Items from a data source
****************

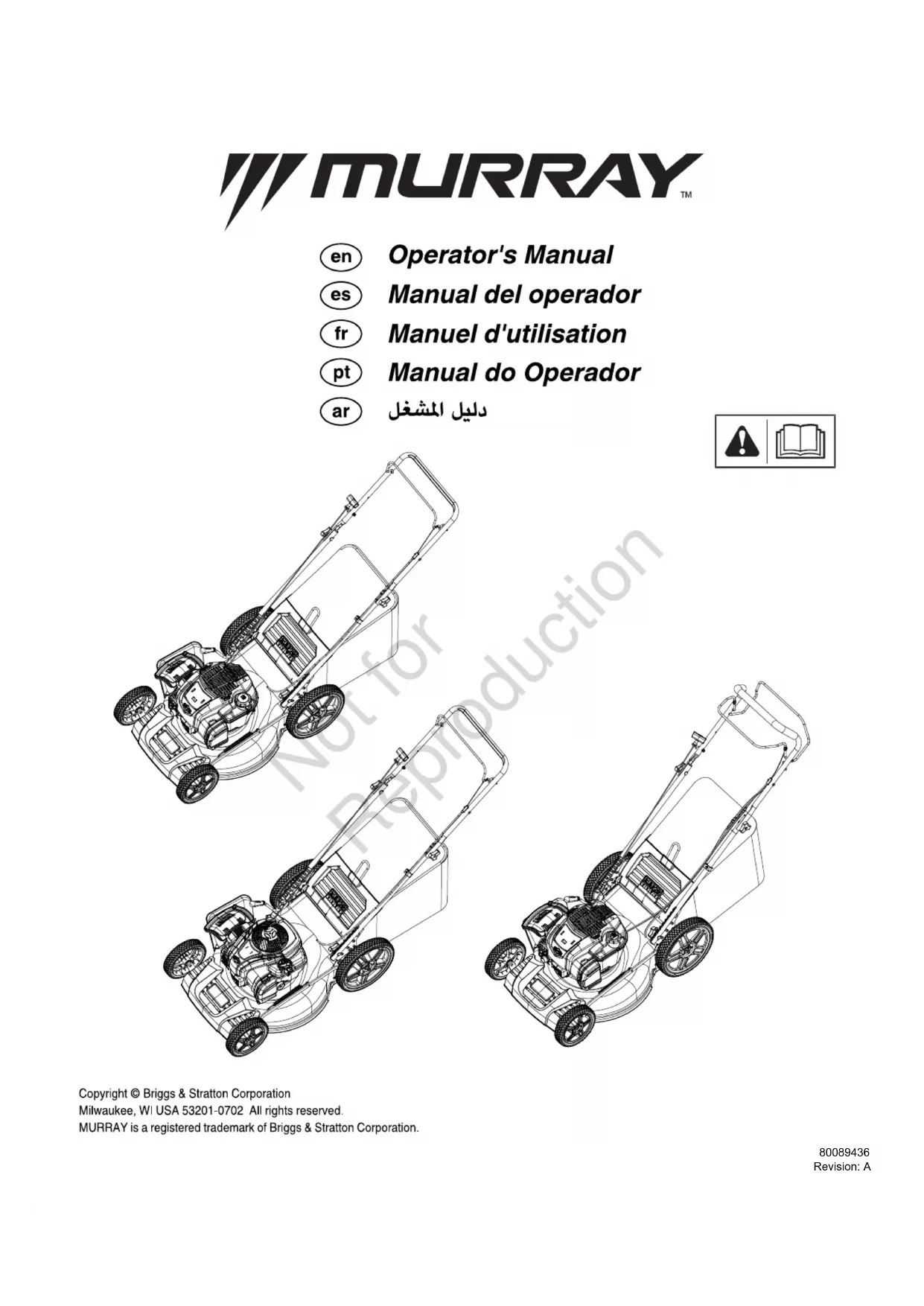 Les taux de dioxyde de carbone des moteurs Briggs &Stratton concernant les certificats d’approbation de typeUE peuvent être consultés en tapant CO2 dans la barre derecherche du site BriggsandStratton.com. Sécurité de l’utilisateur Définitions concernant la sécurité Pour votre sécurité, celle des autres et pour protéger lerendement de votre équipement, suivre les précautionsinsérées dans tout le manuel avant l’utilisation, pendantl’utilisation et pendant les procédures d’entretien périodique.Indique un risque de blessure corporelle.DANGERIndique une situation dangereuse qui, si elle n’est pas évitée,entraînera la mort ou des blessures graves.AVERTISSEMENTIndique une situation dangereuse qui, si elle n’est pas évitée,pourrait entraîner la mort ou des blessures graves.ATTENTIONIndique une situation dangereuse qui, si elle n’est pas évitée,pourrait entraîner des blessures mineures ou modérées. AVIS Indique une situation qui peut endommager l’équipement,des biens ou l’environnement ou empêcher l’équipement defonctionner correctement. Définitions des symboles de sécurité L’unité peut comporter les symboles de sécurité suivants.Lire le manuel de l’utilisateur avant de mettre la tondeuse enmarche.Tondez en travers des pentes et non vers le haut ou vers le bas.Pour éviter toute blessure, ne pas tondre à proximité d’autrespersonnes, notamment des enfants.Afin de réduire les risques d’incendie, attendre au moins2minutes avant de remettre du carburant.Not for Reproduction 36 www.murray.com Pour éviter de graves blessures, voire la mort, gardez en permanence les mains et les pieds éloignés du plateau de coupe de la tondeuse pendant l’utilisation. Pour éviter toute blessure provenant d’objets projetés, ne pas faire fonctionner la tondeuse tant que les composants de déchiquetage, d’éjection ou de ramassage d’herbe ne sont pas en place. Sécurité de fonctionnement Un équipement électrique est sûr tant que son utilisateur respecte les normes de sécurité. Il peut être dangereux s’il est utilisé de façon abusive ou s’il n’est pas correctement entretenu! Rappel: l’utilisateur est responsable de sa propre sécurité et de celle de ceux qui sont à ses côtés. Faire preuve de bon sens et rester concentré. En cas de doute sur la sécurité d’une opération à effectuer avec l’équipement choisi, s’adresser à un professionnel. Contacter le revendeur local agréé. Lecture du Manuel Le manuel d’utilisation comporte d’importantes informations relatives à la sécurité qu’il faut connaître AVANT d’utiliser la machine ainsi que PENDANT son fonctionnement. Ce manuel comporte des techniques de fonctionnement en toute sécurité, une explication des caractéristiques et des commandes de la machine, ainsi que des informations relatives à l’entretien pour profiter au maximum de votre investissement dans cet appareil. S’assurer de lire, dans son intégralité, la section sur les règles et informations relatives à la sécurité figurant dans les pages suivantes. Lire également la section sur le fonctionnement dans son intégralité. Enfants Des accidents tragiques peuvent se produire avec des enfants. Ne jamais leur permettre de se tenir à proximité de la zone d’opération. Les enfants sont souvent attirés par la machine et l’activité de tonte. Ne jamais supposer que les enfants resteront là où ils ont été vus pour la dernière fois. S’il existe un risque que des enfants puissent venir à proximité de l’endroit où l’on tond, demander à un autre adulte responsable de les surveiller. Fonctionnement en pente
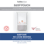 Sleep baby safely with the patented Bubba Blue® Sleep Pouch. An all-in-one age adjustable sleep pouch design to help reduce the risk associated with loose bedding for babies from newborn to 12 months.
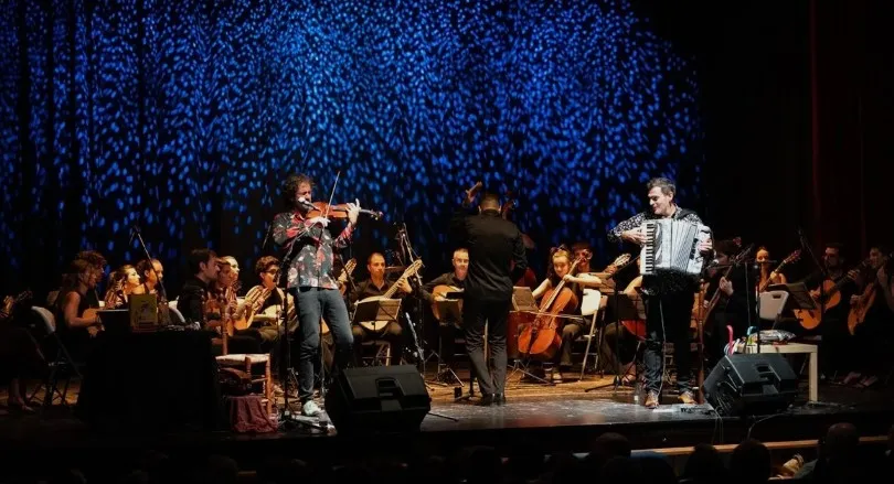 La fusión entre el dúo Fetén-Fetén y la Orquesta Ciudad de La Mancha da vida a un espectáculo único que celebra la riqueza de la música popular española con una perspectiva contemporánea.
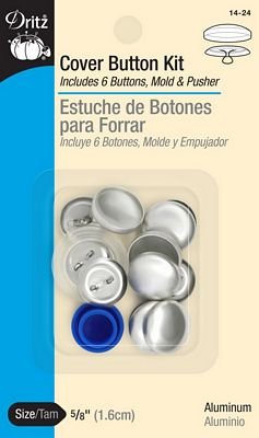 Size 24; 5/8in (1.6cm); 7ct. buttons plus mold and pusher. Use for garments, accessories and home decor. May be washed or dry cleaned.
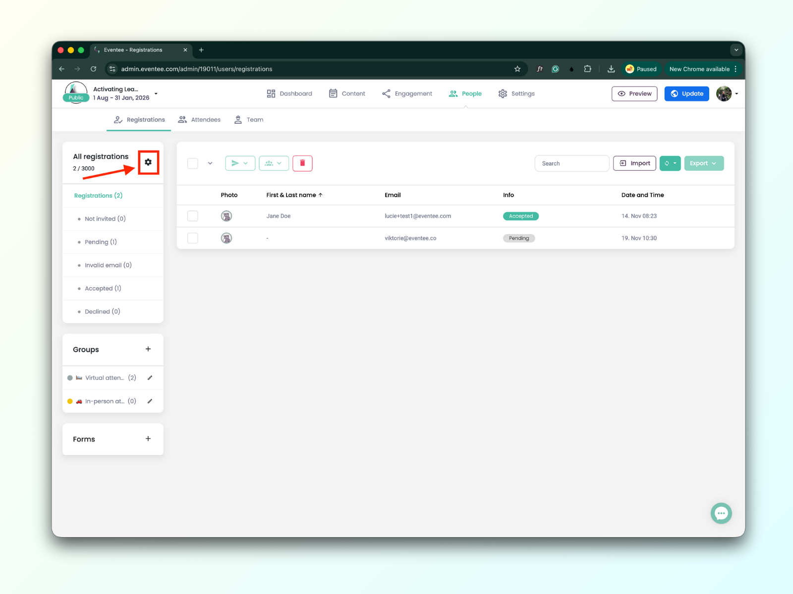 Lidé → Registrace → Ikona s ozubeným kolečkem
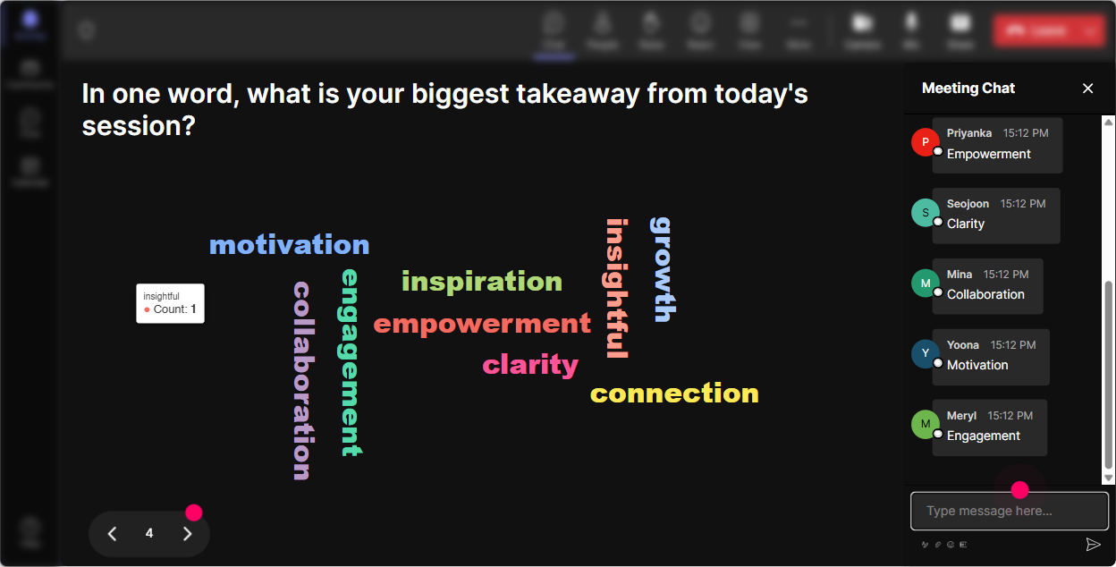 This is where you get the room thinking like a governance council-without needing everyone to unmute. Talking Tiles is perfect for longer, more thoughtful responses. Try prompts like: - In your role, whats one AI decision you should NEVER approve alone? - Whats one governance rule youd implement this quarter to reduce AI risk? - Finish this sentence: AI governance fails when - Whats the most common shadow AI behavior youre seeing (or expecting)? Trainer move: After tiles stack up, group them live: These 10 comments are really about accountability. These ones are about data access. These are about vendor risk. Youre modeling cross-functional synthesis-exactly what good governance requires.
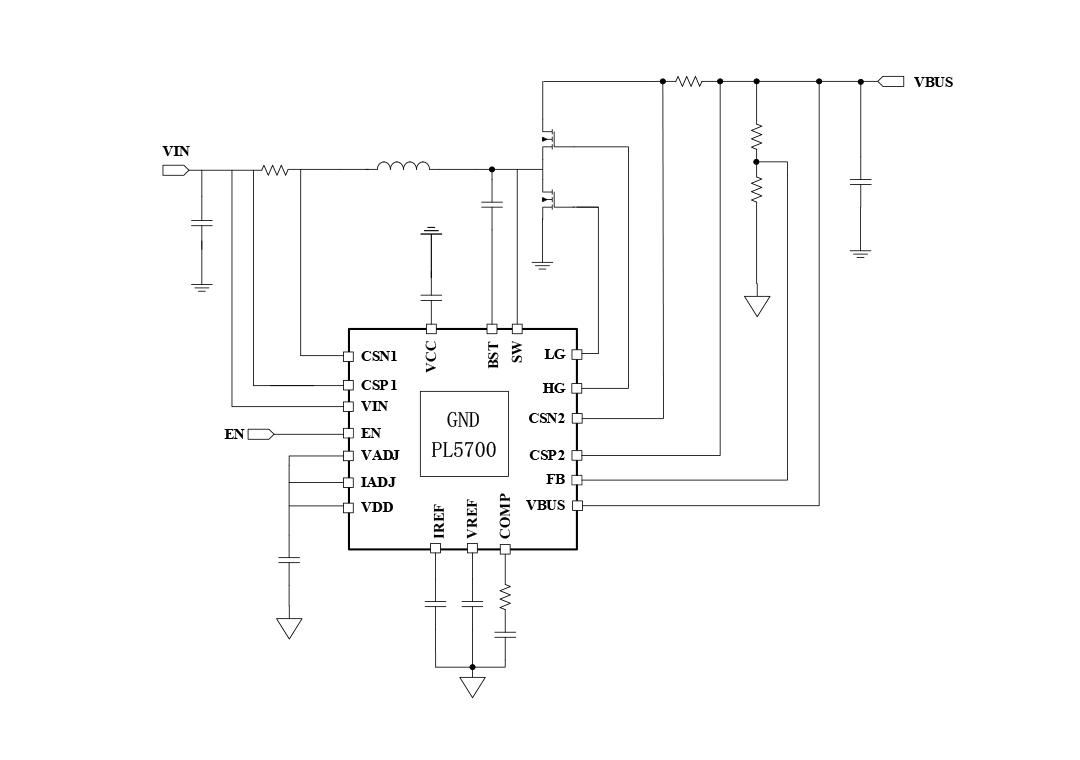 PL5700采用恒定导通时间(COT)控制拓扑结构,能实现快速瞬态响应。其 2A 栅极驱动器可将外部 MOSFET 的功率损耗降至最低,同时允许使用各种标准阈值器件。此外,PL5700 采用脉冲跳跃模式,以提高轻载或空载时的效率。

****************

### What to do
What the answer must hold is the exact text of every line from the one containing "La fusión entre" through the end of the data, minus any pictures.

### Problem solution
 La fusión entre el dúo Fetén-Fetén y la Orquesta Ciudad de La Mancha da vida a un espectáculo único que celebra la riqueza de la música popular española con una perspectiva contemporánea.
 Size 24; 5/8in (1.6cm); 7ct. buttons plus mold and pusher. Use for garments, accessories and home decor. May be washed or dry cleaned.
 Lidé → Registrace → Ikona s ozubeným kolečkem
 This is where you get the room thinking like a governance council-without needing everyone to unmute. Talking Tiles is perfect for longer, more thoughtful responses. Try prompts like: - In your role, whats one AI decision you should NEVER approve alone? - Whats one governance rule youd implement this quarter to reduce AI risk? - Finish this sentence: AI governance fails when - Whats the most common shadow AI behavior youre seeing (or expecting)? Trainer move: After tiles stack up, group them live: These 10 comments are really about accountability. These ones are about data access. These are about vendor risk. Youre modeling cross-functional synthesis-exactly what good governance requires.
 PL5700采用恒定导通时间(COT)控制拓扑结构,能实现快速瞬态响应。其 2A 栅极驱动器可将外部 MOSFET 的功率损耗降至最低,同时允许使用各种标准阈值器件。此外,PL5700 采用脉冲跳跃模式,以提高轻载或空载时的效率。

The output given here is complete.